Output exactly the lines of the listing below that run from the line with "經(jīng)典案例:根據(jù)天貓、" through the line with "Kapok filled life". No pictures.
*** Block opens ***
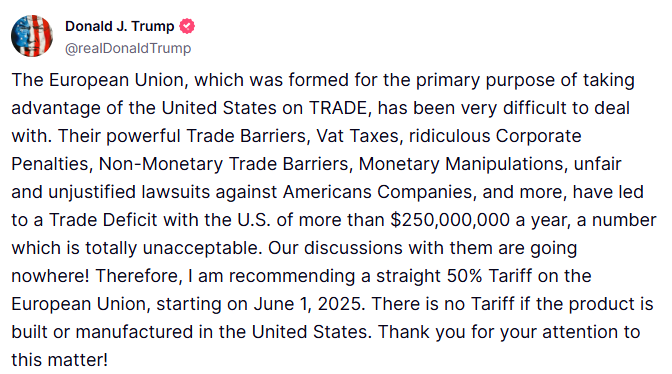5月23日,美国总统特朗普在其社交媒体上表示,他建议从6月1日起对欧盟商品征收50%的关税。特朗普称,“欧盟成立的主要目的就是在贸易上占美国的便宜,一直都很难打交道。我们和他们的磋商毫无进展!” 相关报 ...
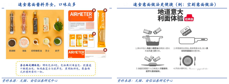 經(jīng)典案例:根據(jù)天貓、安信證券研究中心等綜合資訊表明,一般自己做意面方法需要的原料眾多,相對速食意面較為繁雜,而速食意面有效解決了烹 飪的諸多過程,同時(shí)提供豐富多樣的口味,讓消費(fèi)者在家也能做出餐廳級意面,受眾人群更廣。
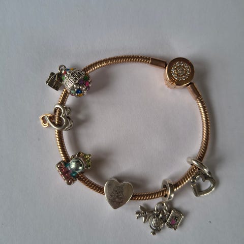 Selger ett armbånd med charms og ett halskjede med charms. Alt i sølv. Kjøpt i Pandoras butikk i Grebbestad (Sverige) for en del år siden. Lite brukt.
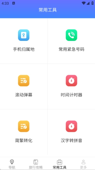 4、常用工具页面包含手机归属地查询、常用紧急号码、滚动弹幕和时间计时器等功能。
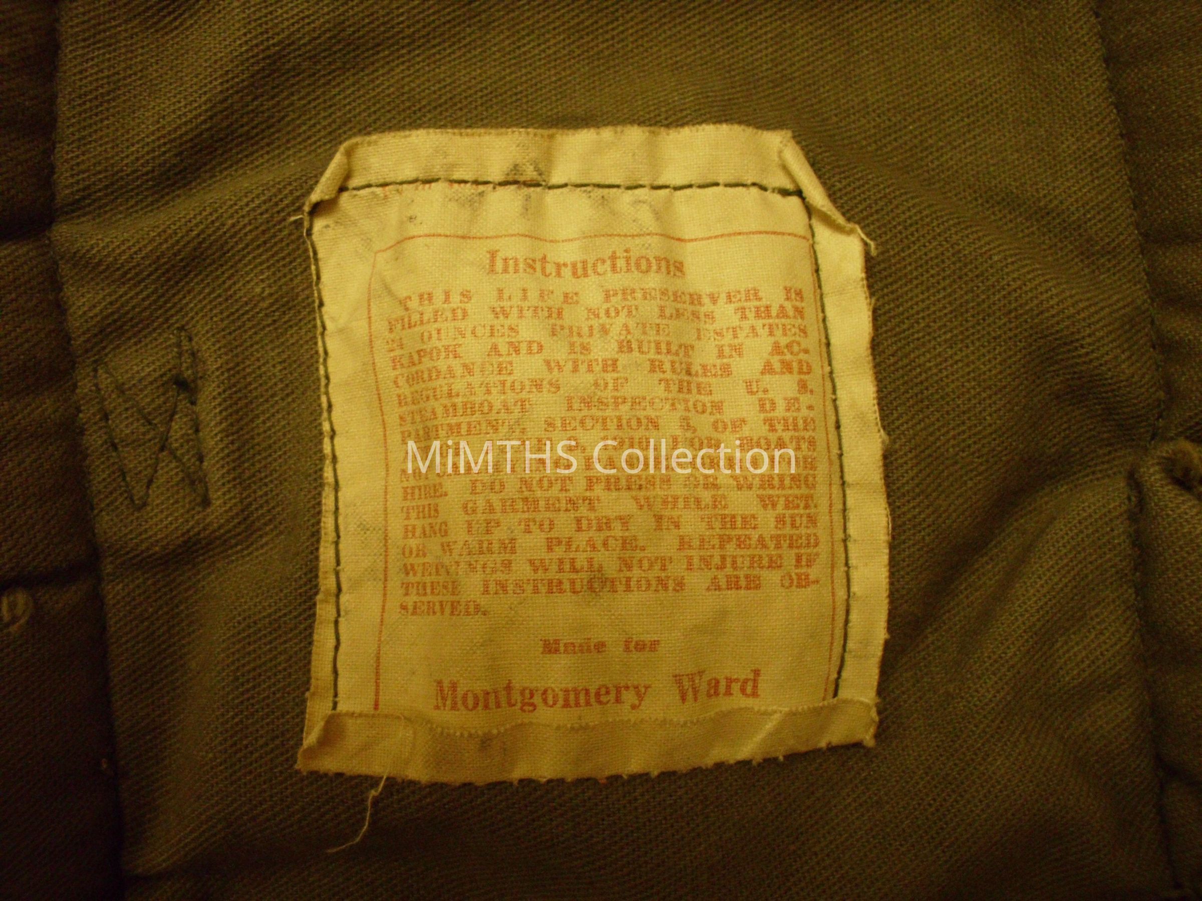 Kapok filled life jacket made by Montgomery Ward, Chicago Ill. Has USMC EGA markings on front and back, no date.Cataloged By
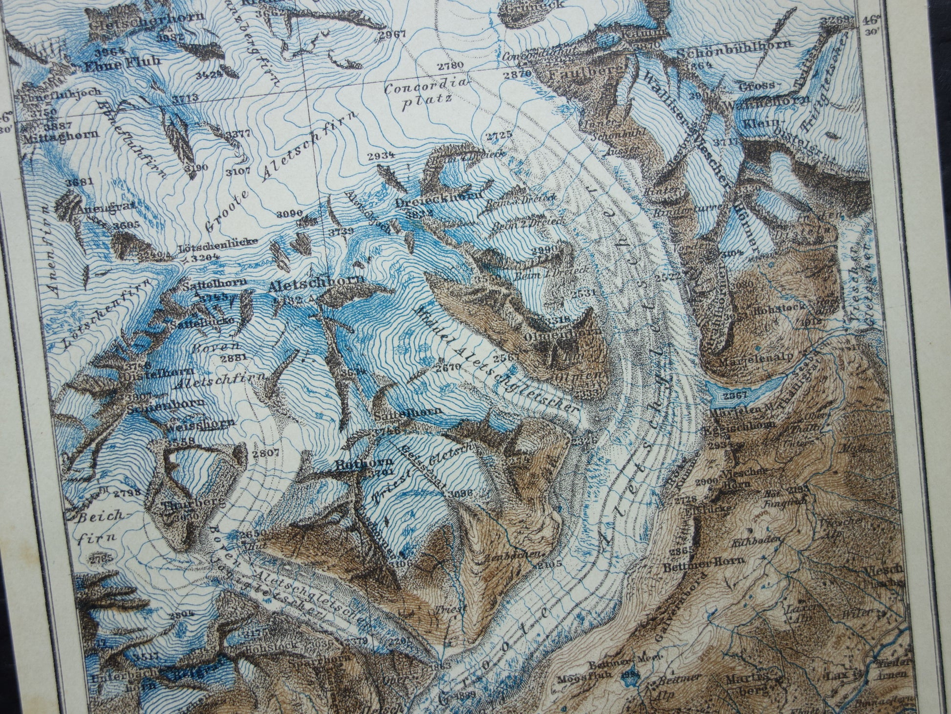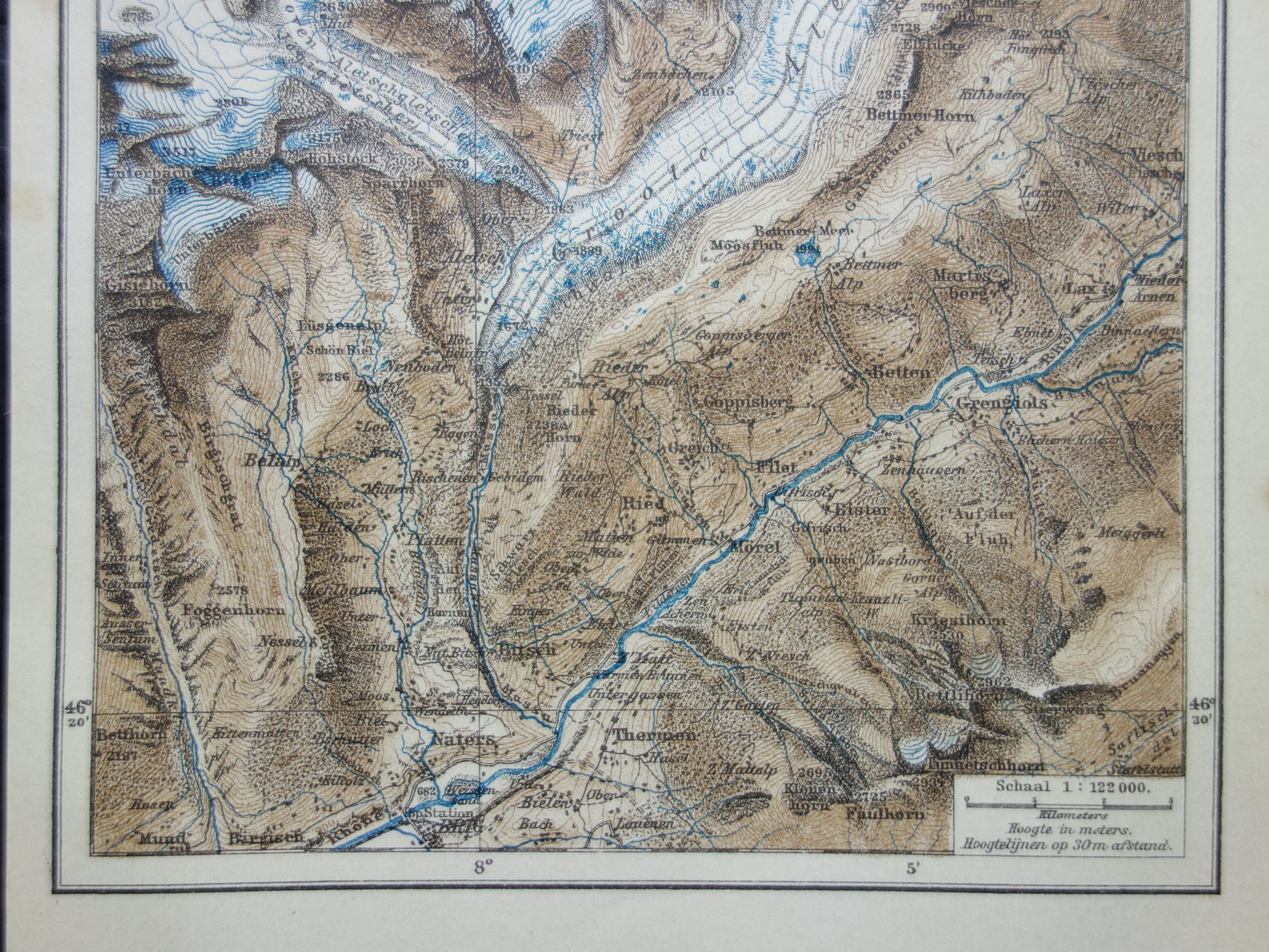 Te koop is een kleine, maar gedetailleerde kaart van de Aletschgletsjer in Zwitserland uit het jaar 1908. Zoom de foto's om alle details van deze Nederlandse kaart goed te zien.
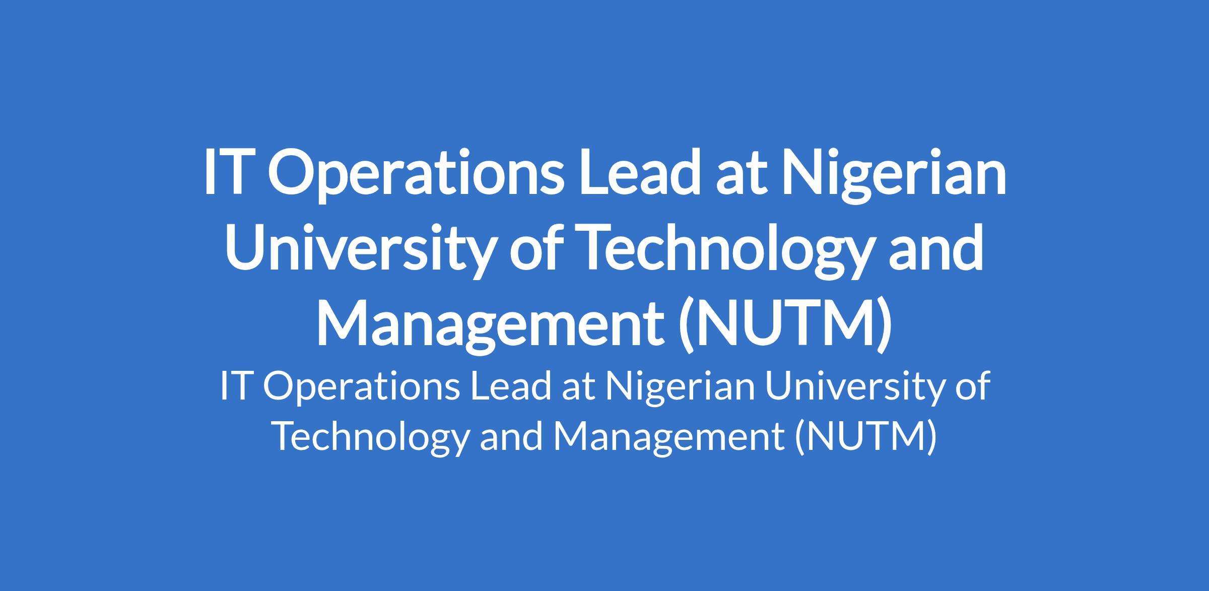 Nigerian University of Technology and Management (NUTM) is recruiting to fill the position of: IT Operations Lead. The position is located in Lagos State. Interested candidates should possess a Bachelors Degree in Computer Science, IT, or relevant fields with proven experience as IT Operations Lead.
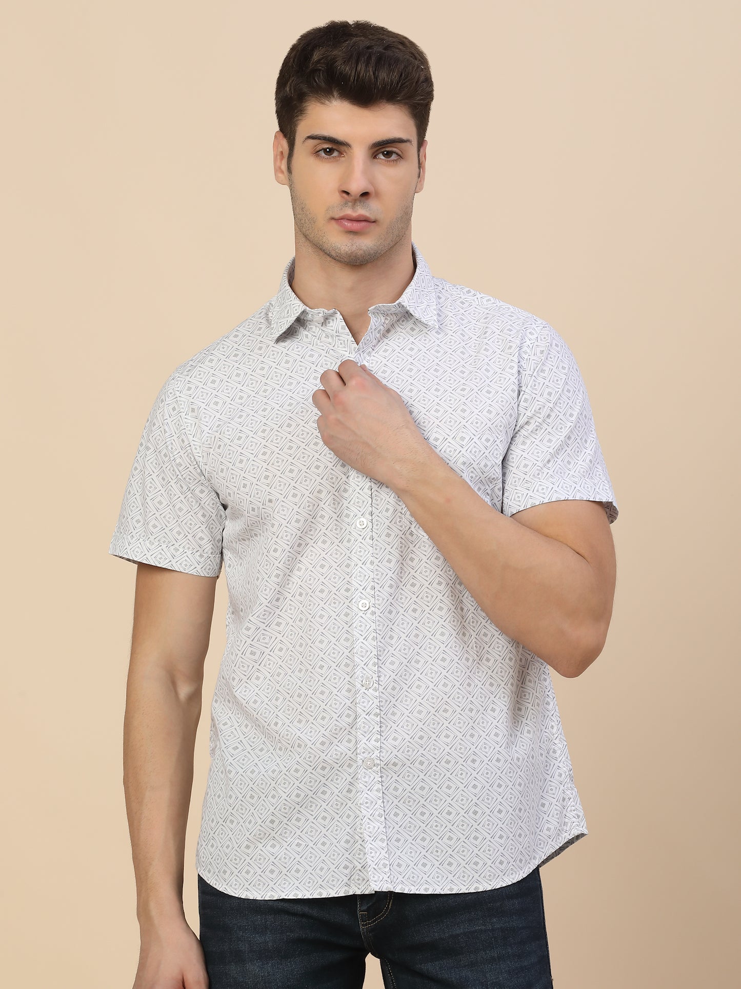 Casual Shirt for Men | Breathable & Soft with Color Fastness Regular Fit Spread Collar Neck Cotton Fabric Printed Pattern
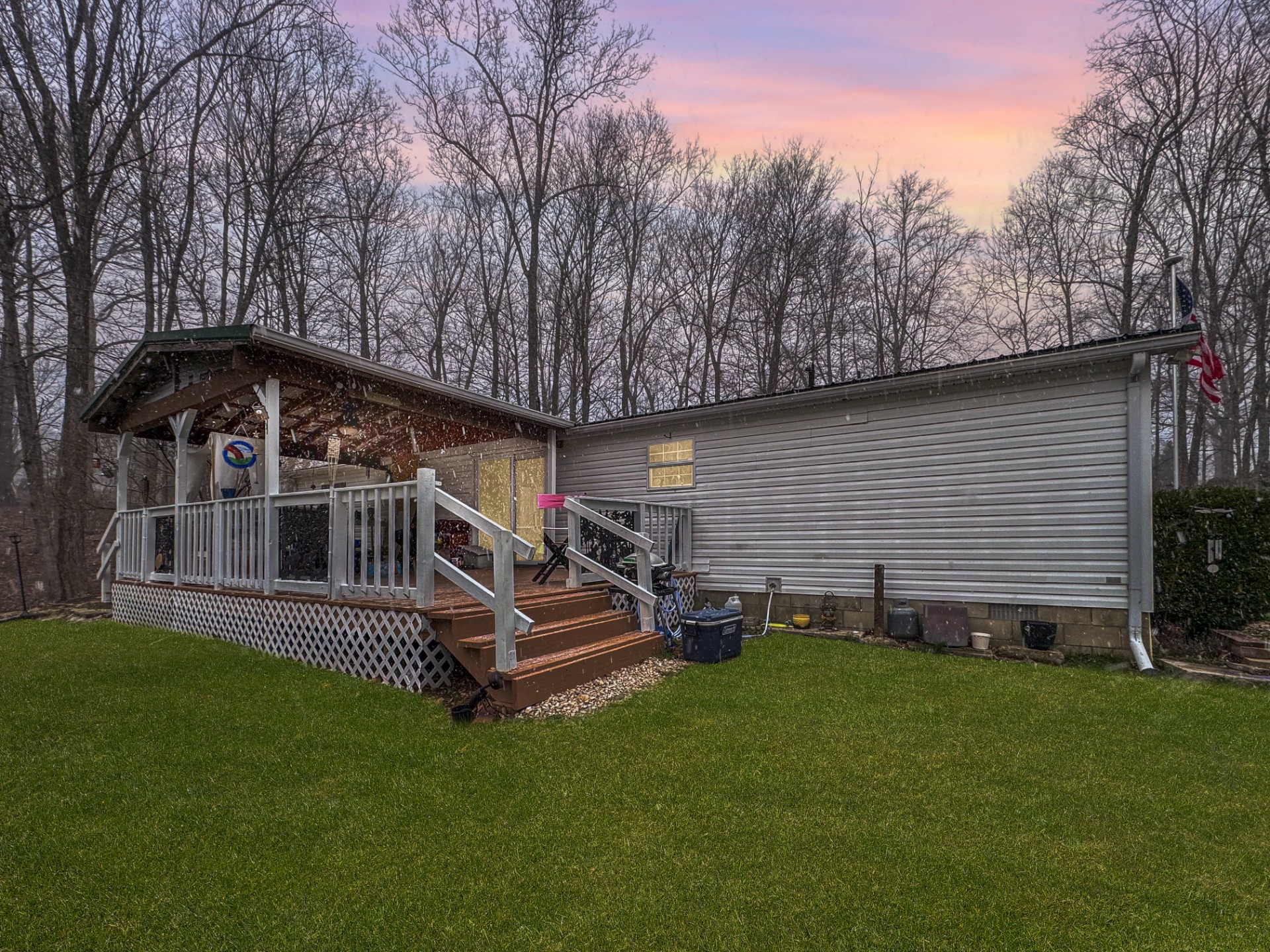Nestled at the end of a quiet lane on 2 private acres, this well-maintained home offers the perfect blend of comfort, functionality, and peaceful country living. Inside, you'll find new flooring throughout the main living areas and a spacious layout designed for everyday ease. The kitchen has been refreshed with all new appliances, and the washer and dryer are included, making this home truly move-in ready. The home features two updated, ADA-compliant walk-in showers, providing both accessibility and modern convenience. A new furnace installed in 2025 adds peace of mind for years to come. Step outside to enjoy the resurfaced deck, perfect for relaxing or entertaining while overlooking your private acreage. The property also includes five outbuildings, offering exceptional storage and versatility. The standout brown building (36' x 12' is fully heated and cooled and includes a 6' covered porch, making it ideal for a workshop, hobby space, or additional flex use. A swing set is also included. If you're looking for space, privacy, and practical updates-all in a serene setting-this property checks all the boxes.
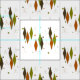 Mid-Century modern diamonds pattern in colours of brown, green and orange with starbursts and circles on a white background. All graphics by Gail Gabel, LLC.
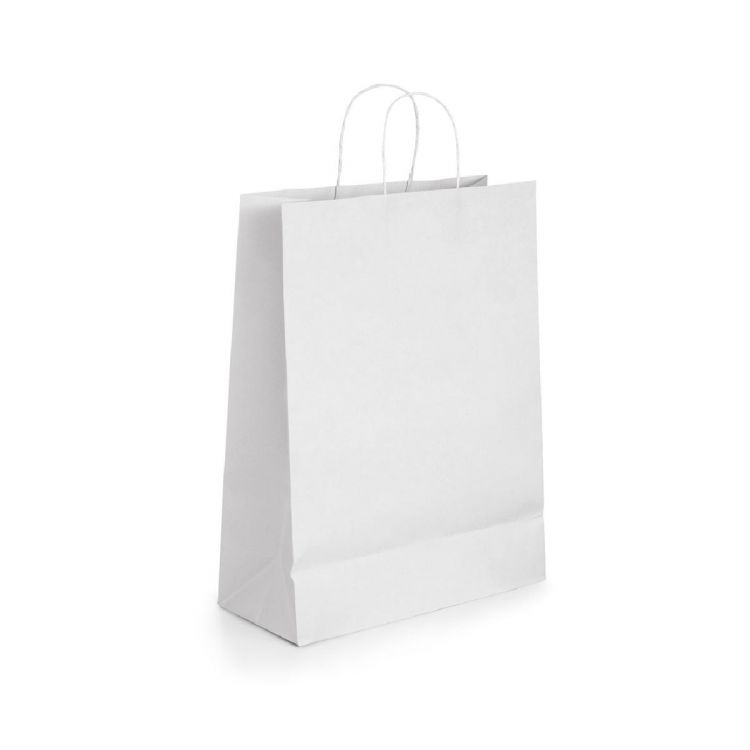 Kraft paper bag (90 g/m²) with twisted handle. Made in Europe. This product is made from FSC™ certified material and other controlled materials. Product in white color
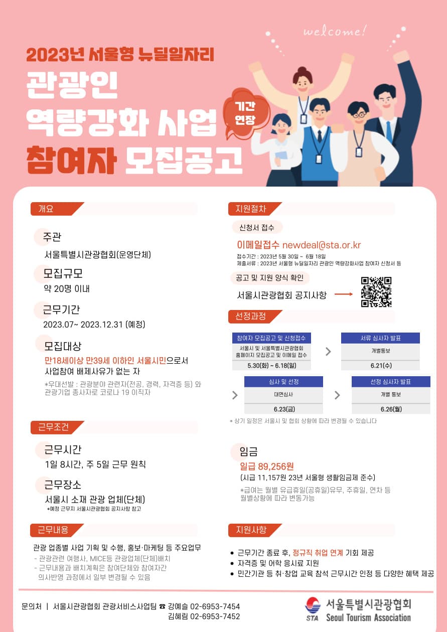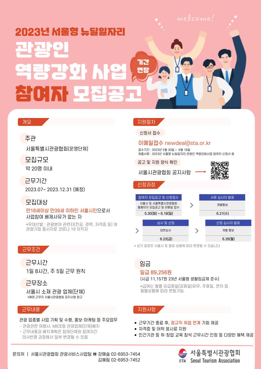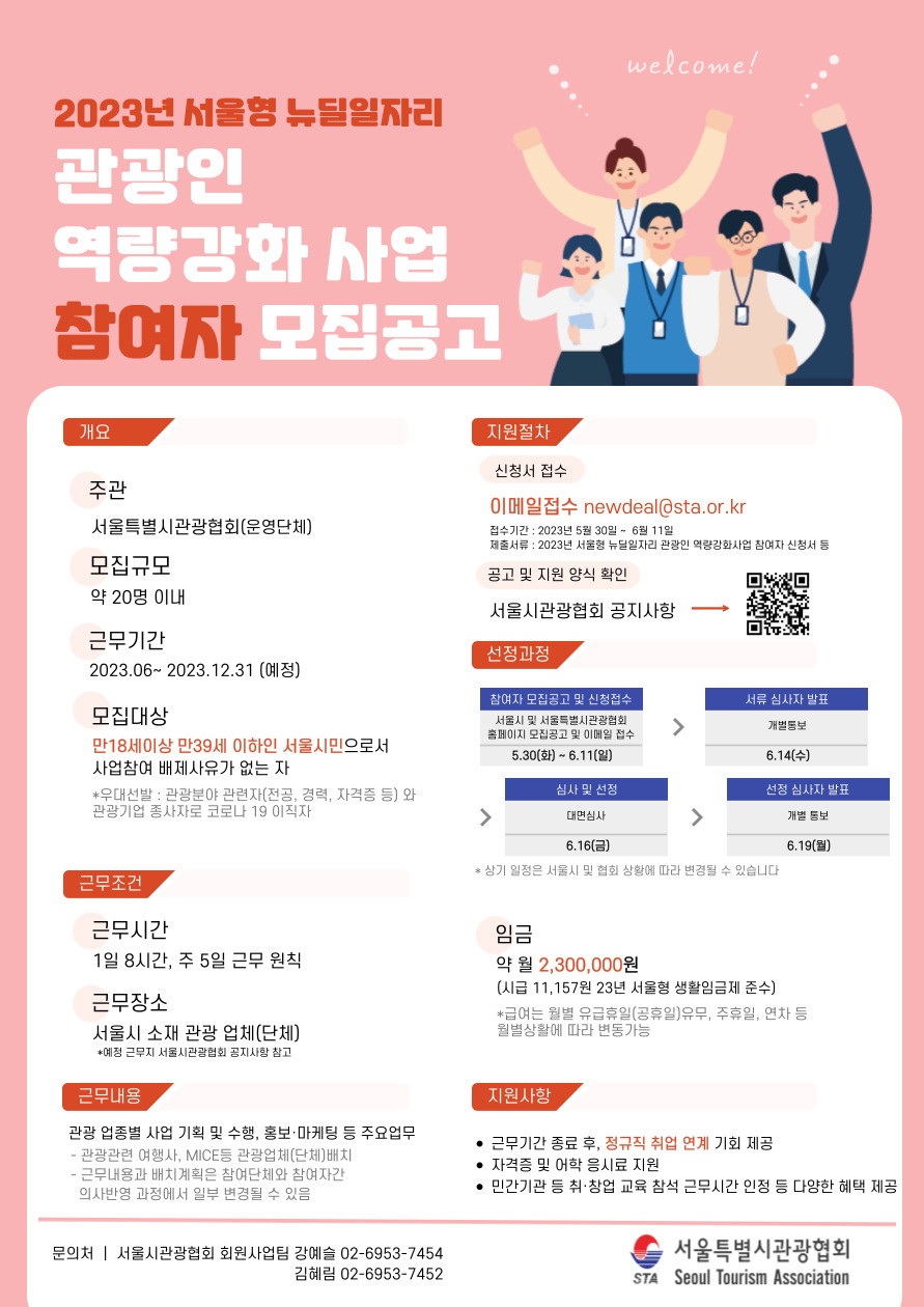 [모집개요] - 사업명 : 2023년 서울형 뉴딜일자리 관광인 역량강화사업 - 모집규모 : 약 20명 이내 - 근무기간 : 2023.07 \~ 2023.12.31(예정) - 모집대상 : 만 18세 이상(2005년 이전 출생자) 만 39세 이하의 서울시민으로서 관광분야 근무를 희망하는자로 사업참여 배제사유가 없는 자 *관광분야 관련자 (전공, 경력, 자격증 등)와 관광기업 종사자로 코로나19 이후 이직자는 우대선발 - 주관: 서울특별시관광협회(운영단체) 신청서 접수 : 이메일접수(newdeal@sta.or.kr) *접수기간 : 05.30(화) \~ 06.18(일) *제출서류 : 2023년 서울형 뉴딜일자리 관광인 역량강화 사업 참여자 신청서 등 [근무조건] 1. 임금 : 약 월 2,300,000원 이상 (시급 11,157원, 23년 서울형 생활임금제 준수) *급여는 월별 유급휴일(공휴일)유무, 주휴일, 연차 등 월별상황에 따라 변동가능 2. 근무기간 : 2023.07 \~ 23.12.31(예정) *근무기간 종료 후, 정규직 전환 및 취업연계 기회 제공 3. 근무장소 : 서울시 소재 관광 업체(단체) *예정 근무지 서울시관광협회 공지사항 참고 4. 근무내용 : 관광 업종별 사업 기획 및 수행\, 홍보·마케팅 등 주요업무 5. 근로조건 : 1일 8시간\, 주 5일 근무 원칙\, 주·연차수당 지급 (사업 특성상 주말 근무가 불가피한 경우 평일 대체 휴무일 부여) 6. 4대 보험 의무가입 [지원사항] 1. 자격증 및 어학 응시료 제공(외국어\, 컴퓨터 등) 2. 참여자 노트북 무상대여 (8개월) 3. 직업능력개발 훈련비 지원 4. 참여자간 동아리 및 활동 모임 등 조직시 회의공간 및 사무용품 등 지원 5. 관광사업 관련 분야의 세미나\, 포럼 등 정보 제공 6. 취·창업 교육 참석 근무시간 인정 7. 사업 종료 후 취업 연계 지원 8. 참여자 채용검진비 일부 지원 *자세한 내용은 모집공고문 참고 문의처 :서울특별시관광협회 관광서비스사업팀 강예슬 02-6953-7454 김혜림 02-6953-7452 서울특별시관광협회 02-757-7492
*** Block closes ***
=== SOLVED EXERCISE ===
 經(jīng)典案例:根據(jù)天貓、安信證券研究中心等綜合資訊表明,一般自己做意面方法需要的原料眾多,相對速食意面較為繁雜,而速食意面有效解決了烹 飪的諸多過程,同時(shí)提供豐富多樣的口味,讓消費(fèi)者在家也能做出餐廳級意面,受眾人群更廣。
 Selger ett armbånd med charms og ett halskjede med charms. Alt i sølv. Kjøpt i Pandoras butikk i Grebbestad (Sverige) for en del år siden. Lite brukt.
 4、常用工具页面包含手机归属地查询、常用紧急号码、滚动弹幕和时间计时器等功能。
 Kapok filled life jacket made by Montgomery Ward, Chicago Ill. Has USMC EGA markings on front and back, no date.Cataloged By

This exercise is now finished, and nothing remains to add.